Ultimately, DSEN was developed to inform practice and policy and MAGIC has met this goal. Specifically, our goal is to improve the health of all Canadians by influencing at least one policy decision per year as measured by a tangible change in policy or action by a DSEN knowledge user that is directly attributable to our research; this outcome was determined based on feedback obtained from the knowledge users that posed the query. Our goal of influencing at least 1 policy decision per year was surpassed.

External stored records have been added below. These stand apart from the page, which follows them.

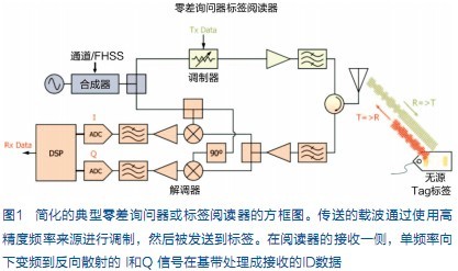 最簡單的RFID系統(tǒng)由一個(gè)標(biāo)簽(可以是無源標(biāo)簽)和一個(gè)閱讀器組成。從結(jié)構(gòu)上看,無源標(biāo)簽的讀取與傳統(tǒng)全雙工數(shù)據(jù)鏈路略有不同。與傳統(tǒng)有源數(shù)據(jù)鏈路不同的是,無源標(biāo)簽依賴其收到的RF能量為自身供電。無源標(biāo)簽同樣不會(huì)生成自己的傳送載波信號(hào),而是調(diào)制詢問器發(fā)送到標(biāo)簽的部分能量,這一過程稱為反向散射。
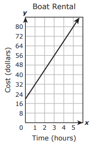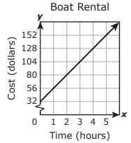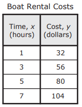 The table shows the relationship between y, the cost to rent a boat, and x, the amount of time the boat is rented.
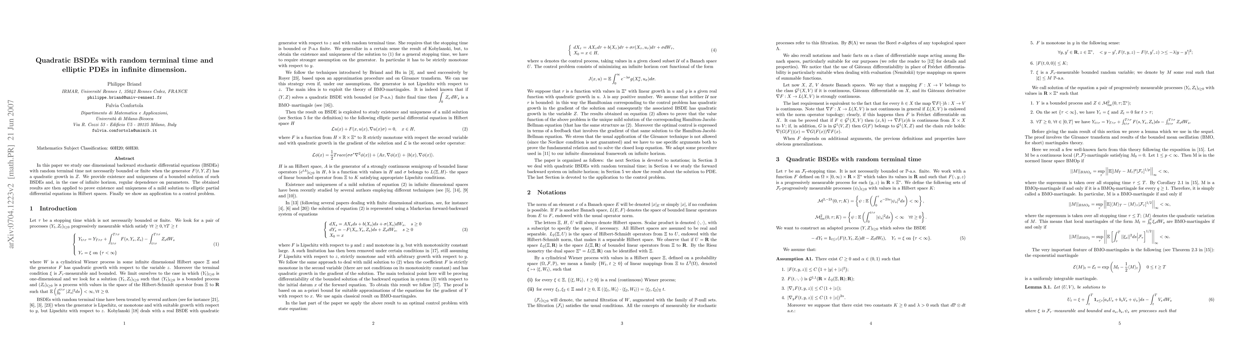This paper investigates one-dimensional BSDEs with unbounded random terminal times and quadratic growth in the Z variable, proving existence and uniqueness of bounded solutions. It also applies these results to establish existence and uniqueness for solutions to elliptic PDEs in infinite-dimensional Hilbert spaces.
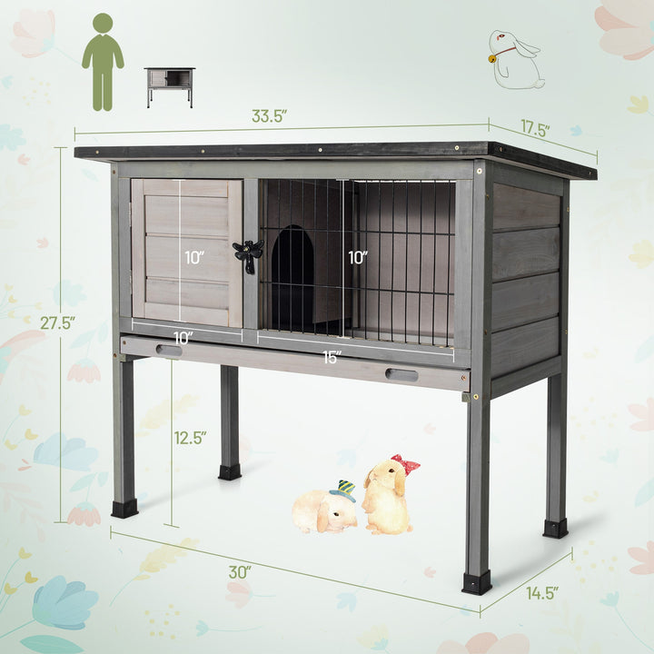 Small Elevated Rabbit Hutch with Hinged Asphalt Roof and Removable Tray
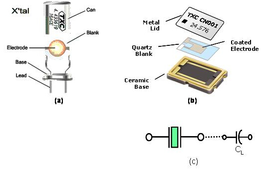 (圖一)(a)及(b)分別是DIP型式及SMD型式的石英振蕩子的基本結(jié)構(gòu)圖. (圖七)(c)是電子電路上所使用代表石英振蕩子的電子符號. 當(dāng)石英晶體共振子處在遠離振蕩頻率區(qū)域時, 石英晶體共振子僅是一個電容性的組件, 當(dāng)頻率接近石英晶體的振蕩頻率時, 就接近是一個電感性的等效LCR振蕩線路.
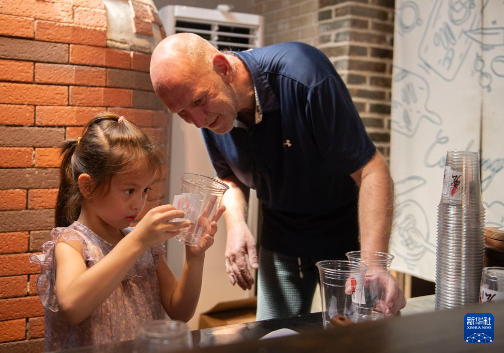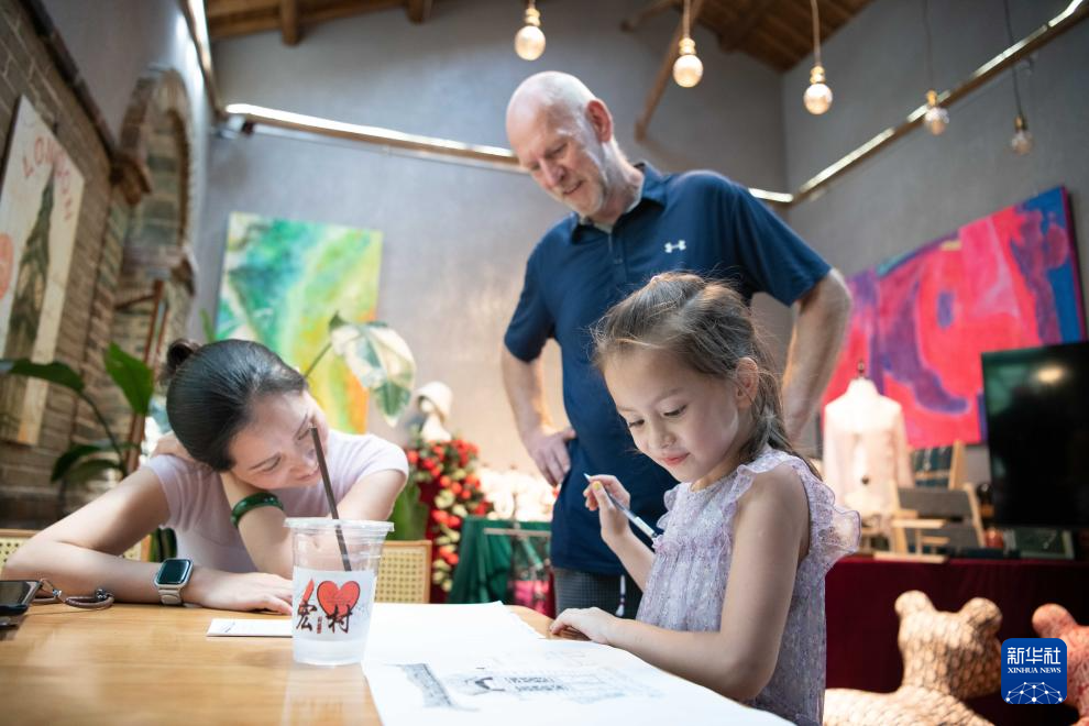 8月1日,阿明(左)和女儿阿琳娜在黄山市黟县宏村研学基地里互动。
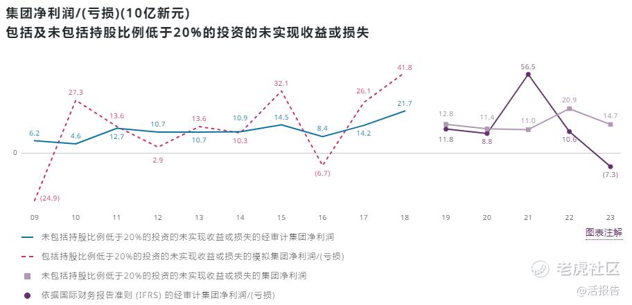 从集团财务状况看,2023财年淡马锡罕见地出现了73亿新元的净亏损。公司解释是由于未实现市值损失所致(持股比例低于20%的投资的未实现市值损失为220亿新元)。若不包括未实现市值损失,集团运营利润为147亿新元。
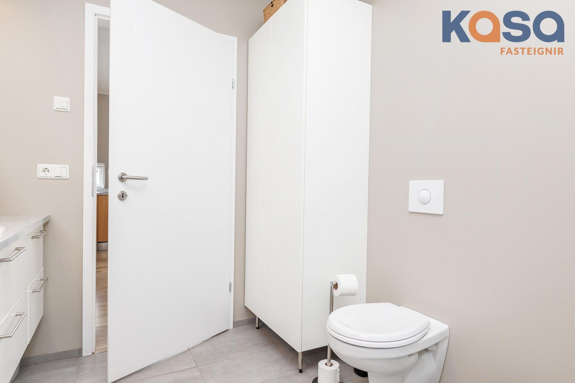 Baðherbergið er flísalagt í gólf og í kringum votrými. Hvít innrétting með plássi fyrir þvottavél og þurrkara ásamt handklæða skáp bak við hurð. Sturtuklefi með glerjum og upphengt salerni.

For example, the British Columbia Ministry of Health commissioned a systematic review and NMA on long-acting and intermediate-acting insulin. Findings were used to continue listing coverage of these agents in a similar manner and the report was published in the BMJ (Tricco et al. 2014). MAGIC was later contacted by the World Health Organisation (WHO), which requested a report based on this work for their Essential Medicines initiative (a program that provides recommendations to countries worldwide regarding which medications should be provided to their citizens). The WHO subsequently requested an expansion of the query to include biosimilars, which was also of interest to Health Canada and CADTH. As such, a second essential medicines application was submitted and identified by the WHO as being the second most important application in the world (Tricco et al. 2021a, 2021b). This query shows MAGIC’s ability to use an iterative approach, while fostering both national and international collaborations to achieve global impact.

As another example, CADTH commissioned MAGIC to explore the efficacy and safety of interferon-free direct-acting antiviral agents for chronic hepatitis C infection. This review was commissioned on behalf of provincial and territorial public drug plans. This query presented a unique methodological challenge as novel study designs were permitted by regulators for the newer treatment regimens. These study designs included interventional, single-arm studies (i.e., no formal comparative control group included in the design or a historical control cohort was used) or studies where only a single arm of the study fits the eligibility criteria. The NMA methodology was adjusted to incorporate the effect estimates from this single-arm evidence into the networks of treatments. It was not possible to use comparative effectiveness methods (e.g., propensity score weighting) as no individual patient data were available. Instead, we incorporated single-arm studies into the NMA by creating a “virtual” study where a comparator arm matched for baseline patient characteristics was identified for the single arm. The results of the review were presented to the Canadian Drug Expert Committee (CDEC) and, together with the cost-effectiveness analysis, CDEC made recommendations, which were disseminated to the provincial and territorial decision-makers. Both a publicly available technical report and a peer-reviewed article were generated (CADTH 2016; Wong et al. 2017).

The Ministry of Health in Nunavut requested a rapid review of interventions for latent tuberculosis prophylaxis. This review was later updated and results were used to inform their policy crisis (Pease et al. 2017; 2018).

These syntheses show the diverse range of review methods available within MAGIC. Moreover, MAGIC uses modified methods to meet urgent timelines (such as during the COVID-19 pandemic) to ensure timely decision-making. Indeed, MAGIC has lead research on optimising rapid review methods, including use of automation and machine learning (Pham et al. 2021).